Stalking plus-minus

I have always had a huge soft spot for top-down metrics in soccer. I wrote why at length elsewhere, but briefly, their central promise to rate players in a completely assumption-free fashion. This is in stark contrast with mainstream player analytics, which measure players’ contributions in terms of individual actions that they perform or assist. There are good reasons for the proliferation of bottom-up metrics, chief among them feasibility. Because goals are so rare in football and players are subsitituted infrequently, it is very difficult to tease apart the contributions of individual players without additional assumptions. In fact, every attempt at a plus-minus that has been written up in public consists at least in part of teeth-gnashing and garment-rending brought about by this central problem. Conversely, player ratings based on individual actions are easier to build, at least from the technical standpoint. What is less appreciated is that they come at the huge price of accepting, largely on faith, that these individual actions ultimately matter. Because of that, until +/- is conclusively proven dead, it is always going to merit another look.

This post contains no orginal research. I have merely collected my notes and links relating to +/- in soccer. Of course, the seminal contributions were made in basketball and ice hockey, but I do not review them here. I focus on adjusted +/-, that is where computing each player’s contribution is done while controlling for all other players involved, usually in a massive regression. The dependent variable in this regression is called the target; in the classical approach, the target is the goal difference.

prehistory

The beginnings of Jörg Seidel’s Goalimpact project, by far the best-established +/- model in soccer.
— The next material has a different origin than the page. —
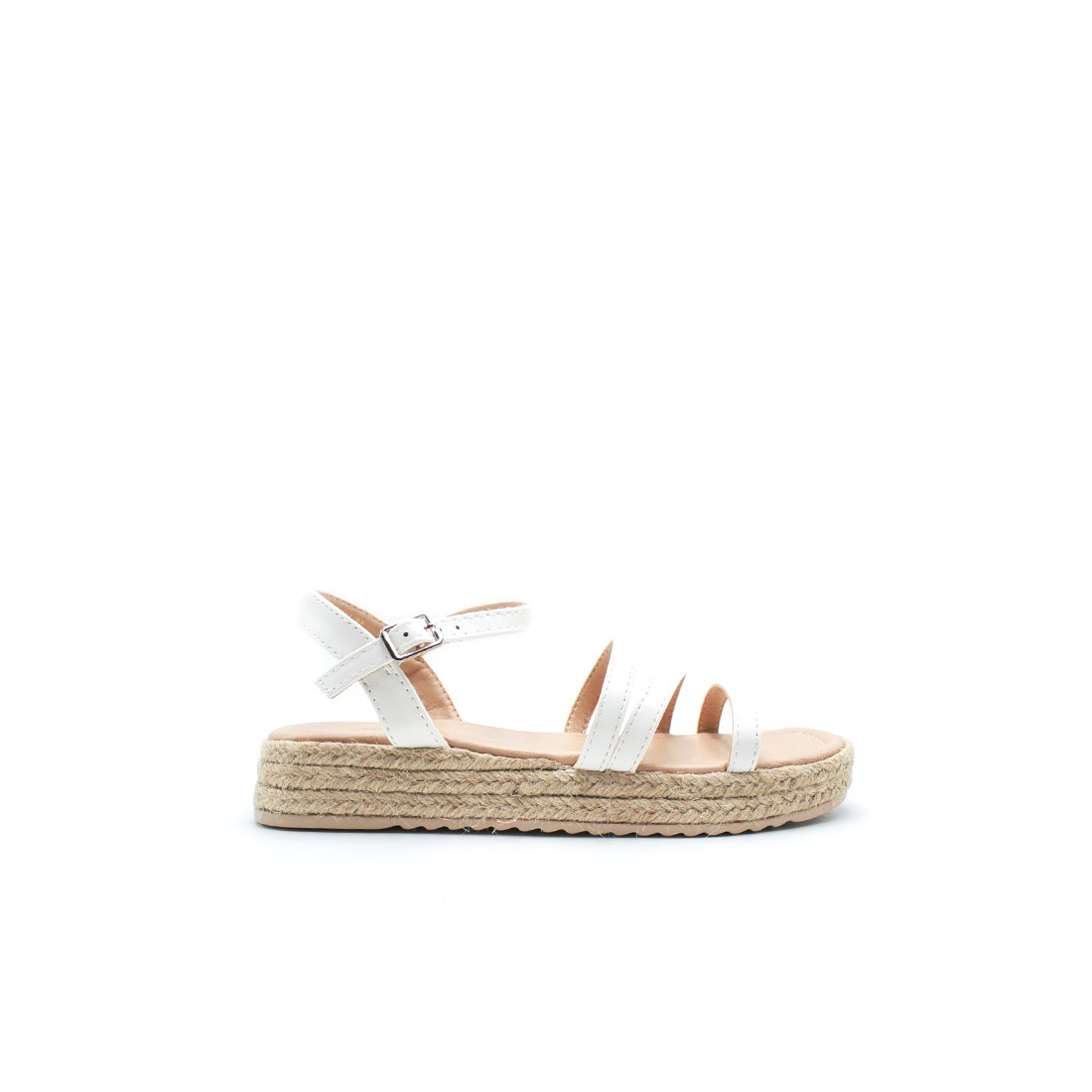 Incorporan varias tiras finas en la parte delantera que sujetan el pie con suavidad, junto con una pulsera trasera con cierre de hebilla que permite un ajuste seguro y cómodo. Su estructura favorece la estabilidad y facilita el uso durante todo el día.

The design of Goalimpact is not public, but it is known to target goal difference and, in the current version, incorporate player age curves.

2013

Dan Altman builds player Shapley values [archive.org link; see also a 2016 write-up and a high-level pitch], which are a close cousin of +/-. The target measure is the expected goal difference.

2014

Howard Hamilton describes his attempt at a classical +/-. Howard’s post is very valuable as a clear demonstration of the key technical issue with +/-, namely the (near-)singularity of the regression matrix, and how to overcome it with ridge regression.

Łukasz Szczepański experiments with +/- and concludes (in an unpublished report) that the classical approach is unworkable in soccer.

Matthias Kullowatz posts unadjusted +/- ratings for the 2014 season of the MLS.

2015

Martin Eastwood publishes his Bayesian take on the problem. The key idea is to inject extra information into the system by creating a prior on each player coefficient, presumably using on-the-ball event data.

2016

Will Gürpınar-Morgan tackles +/- head-on, using non-shot (i.e. play-level) expected goal difference as the target, regularising the estimates via ridge regression, and investigating the precision of the estimates by bootstrapping.

2017

Tarak Kharrat and colleagues develop three new +/- ratings, targeting actual goals, expected goals and expected points. The player ratings are regularised with ridge regression and the observations are weighted by time elapsed until the present to emphasise current player ability. As befits an academic work, the paper is a good source of references to previous +/- efforts.

2018

Steven Schultze and Christian-Matthias Wellbrock present an idiosyncratic +/- model in the Journal of Sports Analytics. Unlike almost all other models considered here, theirs does not estimate the ratings simultaneously for all players. Instead, bookmakers’ odds are used to obtain expected match outcomes, and calculations are done for each player separately. An additional novelty is valuing game-changing goals more than those that are not relevant to the game outcome.

2019

Lars Magnus Hvattum creates a series of videos about +/-, which I have yet to watch; and Garry Gelade models Lars’ ratings using on-the-ball event data, thus providing perhaps the first formal connection between top-down ratings and individual player actions.